At its worst, she said she could not put a pin between the spots and he had sore eyes and a temperature.
"He was really ill. I am really shocked at how bad measles is. He's lost half a stone and has been really poorly," said the mum.
Although she praised the school and the health authority she said she was shocked when she was arrived at the doctors and the pair were told to sit in the waiting room with other patients.
"If it's that contagious they should have a room set aside for suspected patients," she said.
She said a letter had been sent out by the school a fortnight before he was taken ill which led her to suspect measles.
She said one of his classmates had also caught the disease but during the first weekend measles didn't cross her mind.
"In the first few days it's hard to know it's measles because the spots don't come out," she said but she warned other parents to be vigilant.
"Don't take them to playgroup or school because this is how it's spreading."

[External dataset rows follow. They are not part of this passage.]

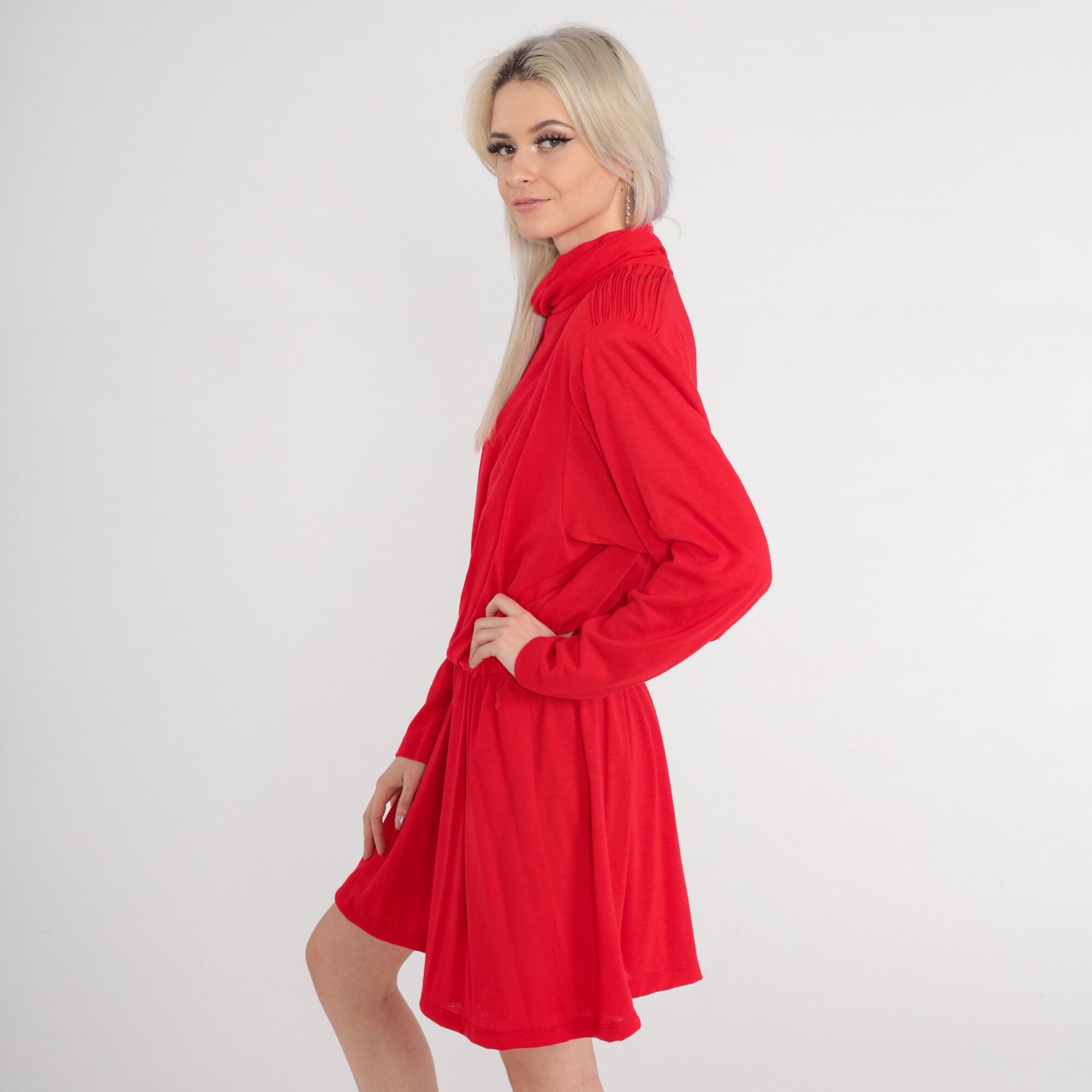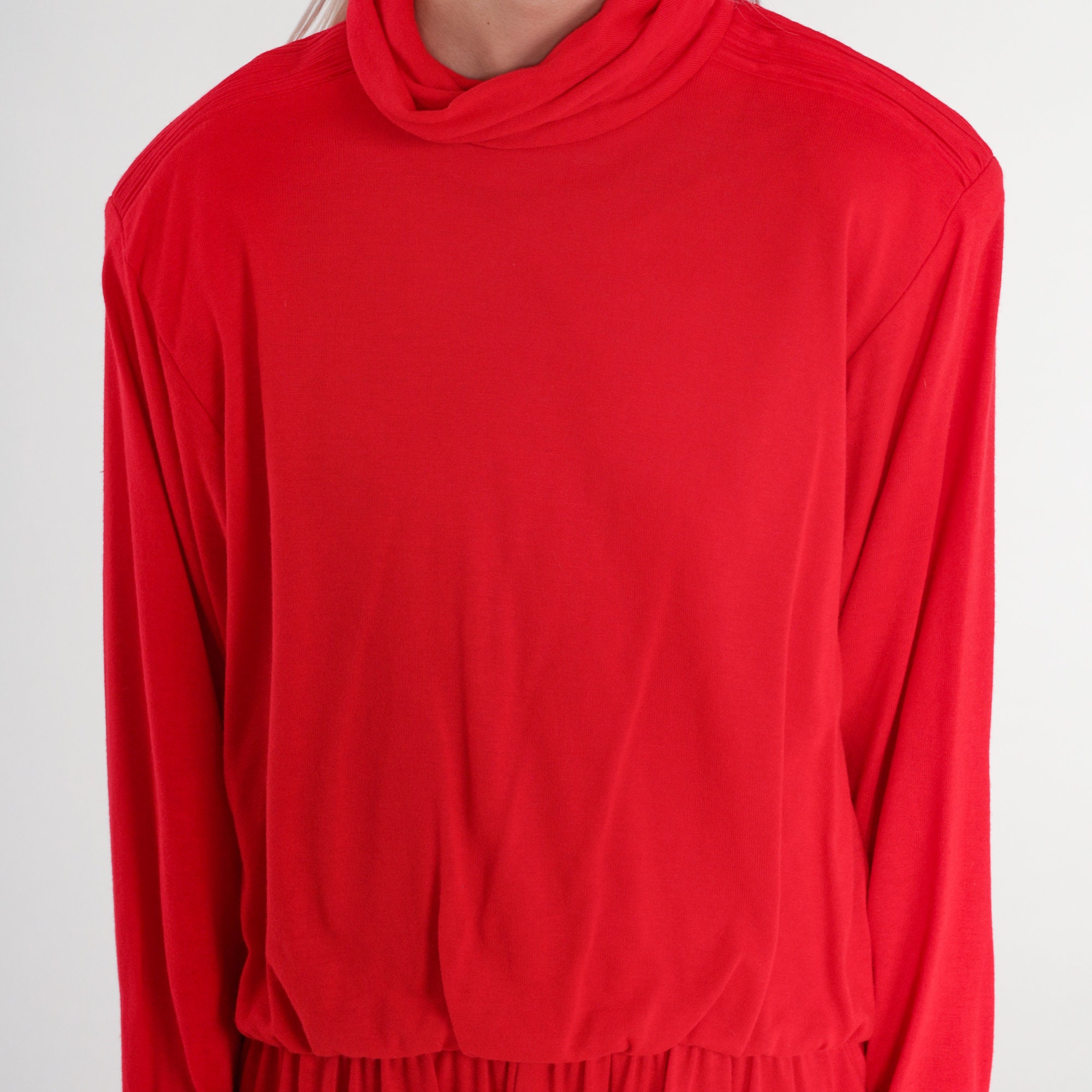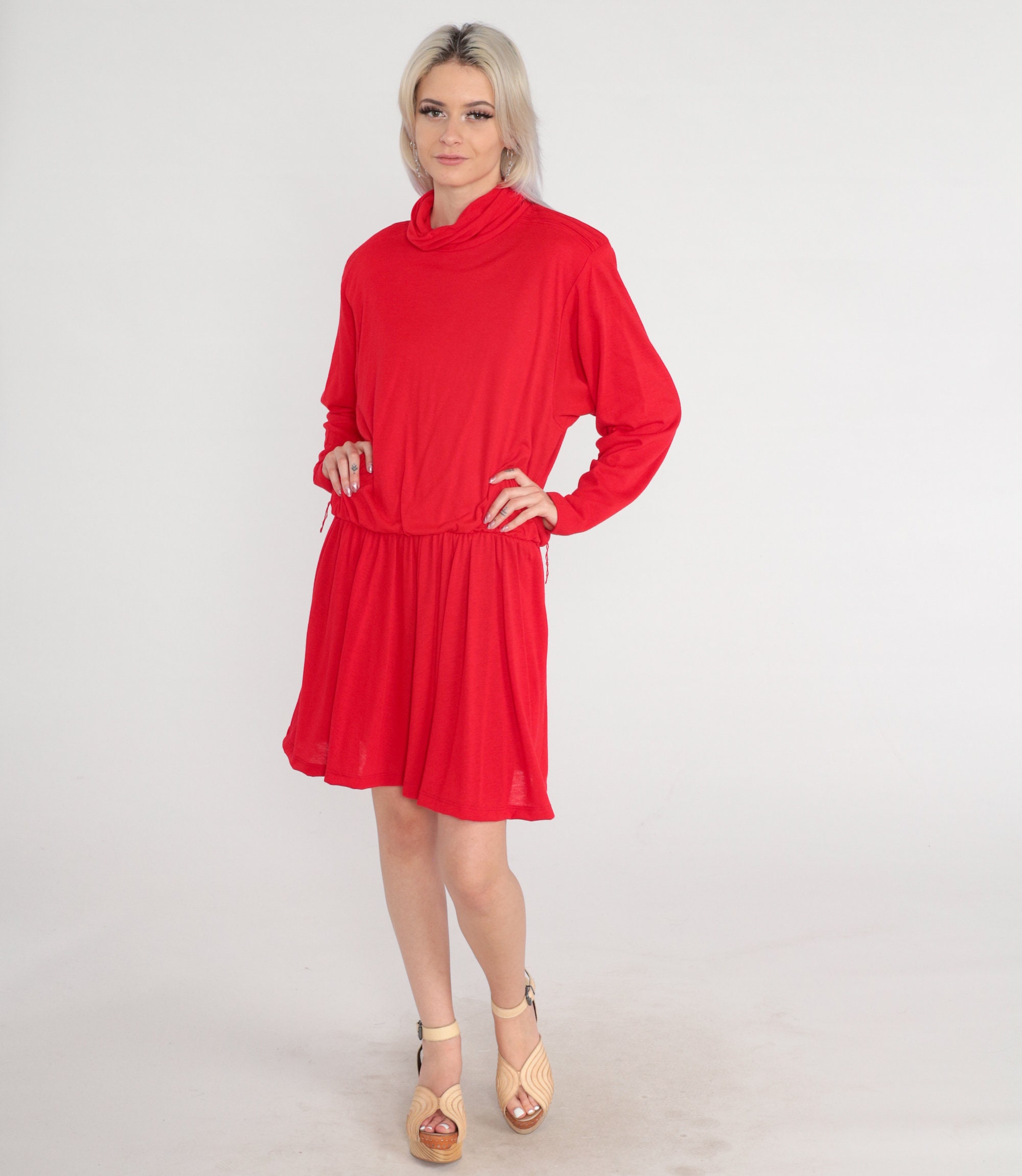 Vintage 80s dress in red with a blouson bodice and a pleated skirt. High waisted with a slouchy turtleneck, a pocket at the hip, and long sleeves. Mini length with a rear zipper.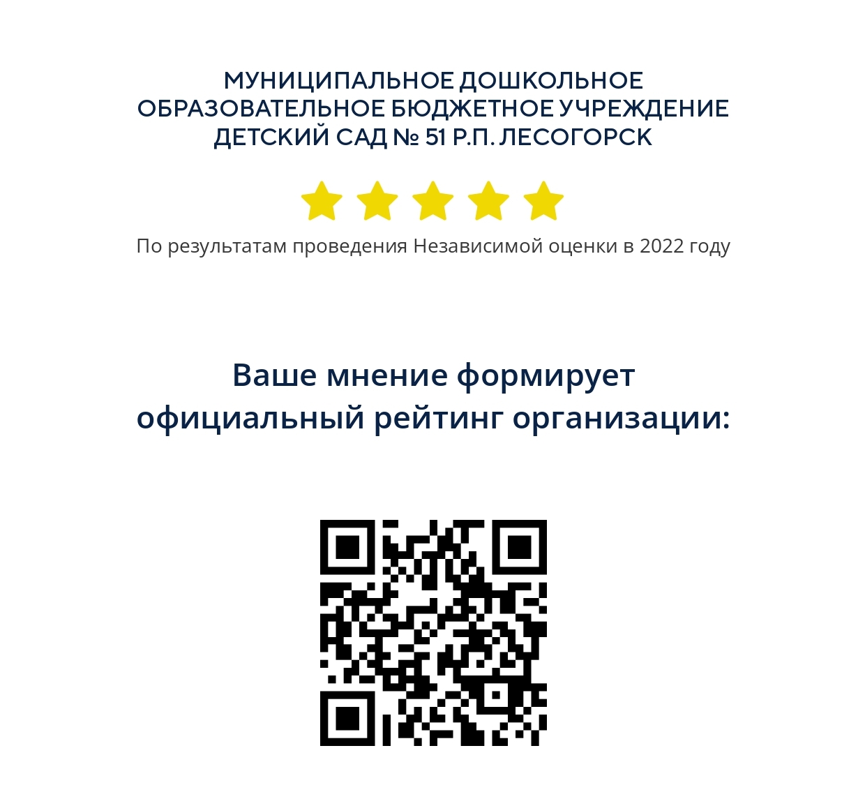 Вы можете оставить мнение о дошкольной организации на Официальном сайте для размещения информации о государственных (муниципальных) учреждениях (ГМУ, https://bus.gov.ru), чтобы оценить условия осуществления образовательной деятельности.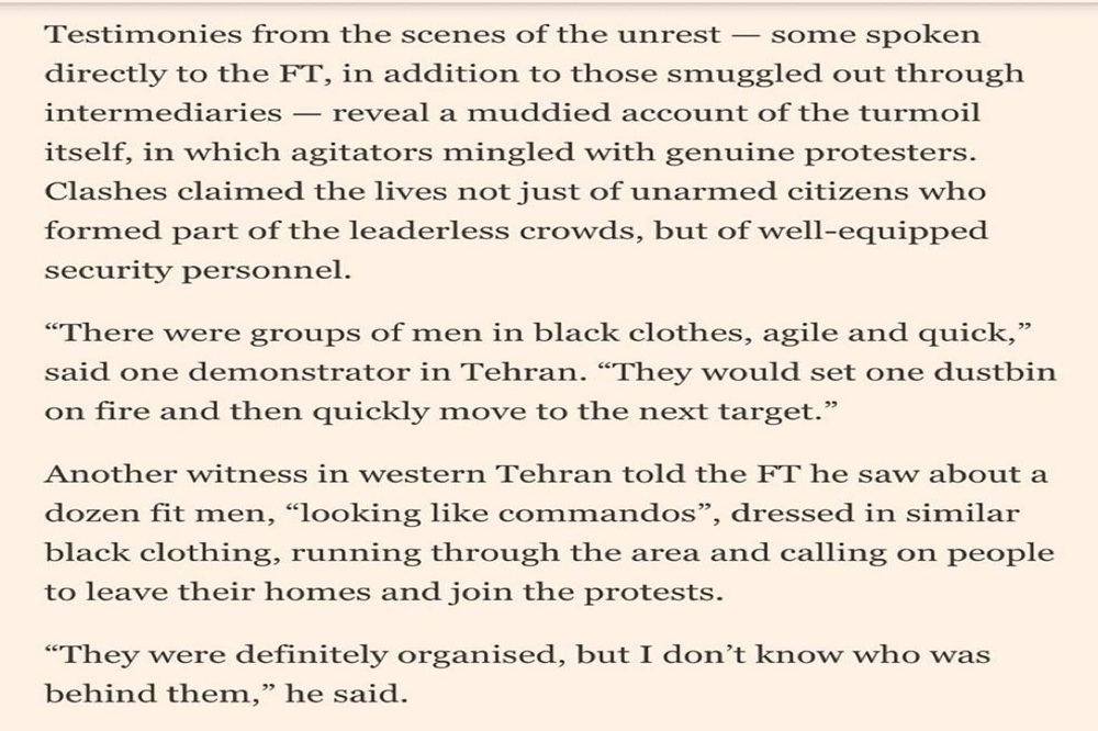 ۲.فاینشنالتایمز گزارش داد که کماندوهای آموزشدیده در تجمعات تهران، اقدامات تروریستی میکردند: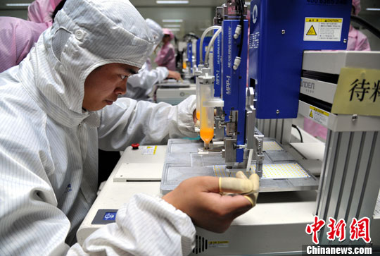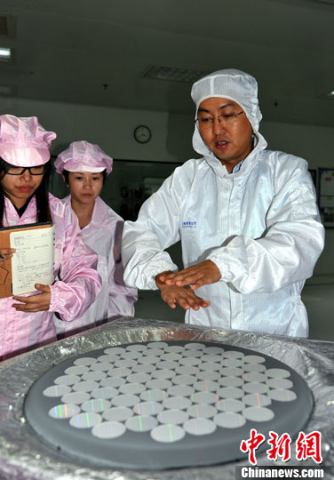 10月13日,中国科学院苏州纳米技术与纳米仿生研究所和企业联合创办的苏州新纳晶光电有限公司内,工作人员正在LED灯制造流水线上进行芯片处理作业。中新社发 孙自法 摄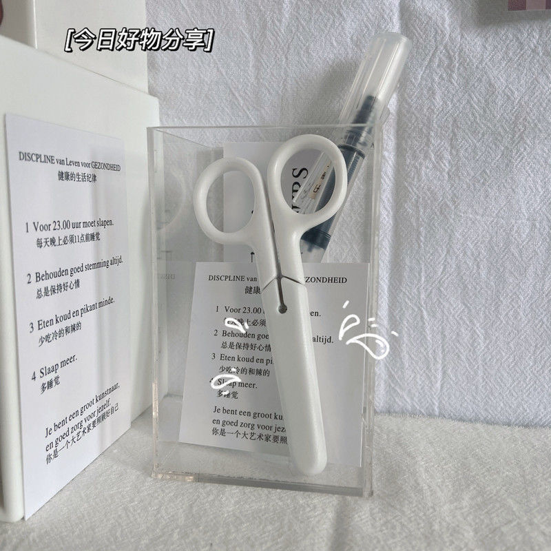 简洁白色便携式手工剪刀不锈钢美工带盖子安全剪刀儿童学生剪刀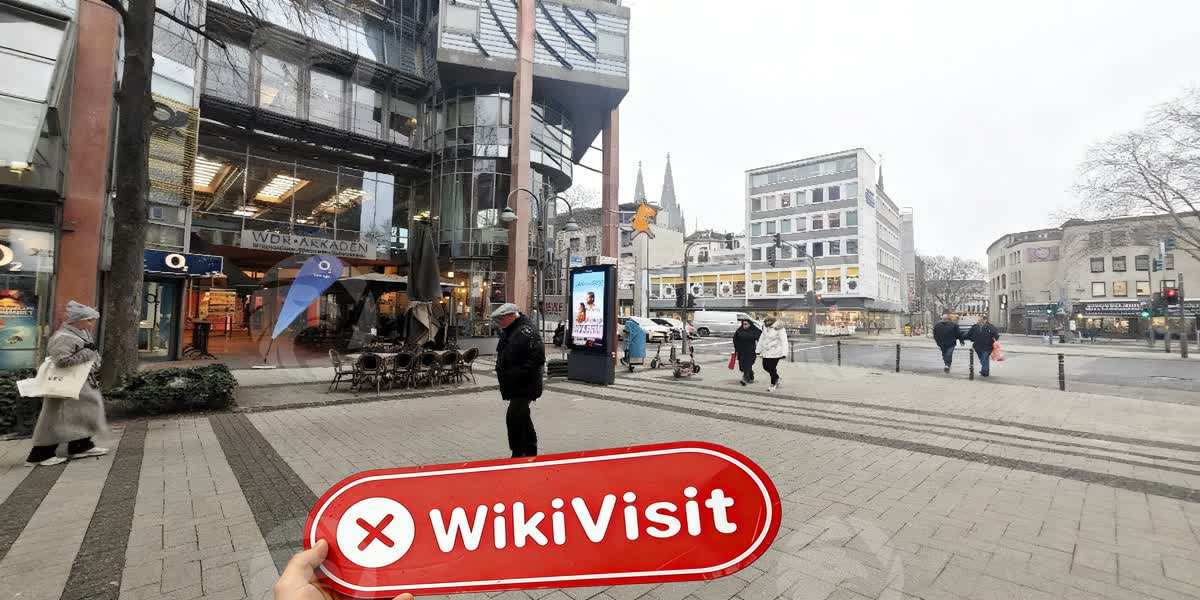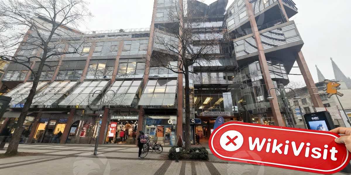 实勘人员顺利抵达目标商场,该地点位于科隆市市中心的繁华街道,周边环境繁华,商业氛围浓厚。商场外面有里面商家的水牌,但水牌上没有显示US iDeals的信息。
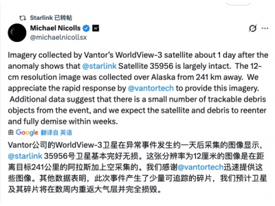 美国“星链”一颗卫星或发生爆炸失联 数十块碎片可能对其他在轨卫星构成威

Morriston comprehensive is the latest school to be affected by the disease with around 16 pupils thought to be affected.
Public Health Wales has urged parents to ensure their children get the MMR vaccination as cases in the Swansea area reach 252.
Thirty eight people have been hospitalised with 64 schools or nurseries affected.
Measles is a highly infectious viral illness. Initial symptoms of measles include cold-like symptoms, red eyes and sensitivity to light, fever, greyish white spots in the mouth and throat.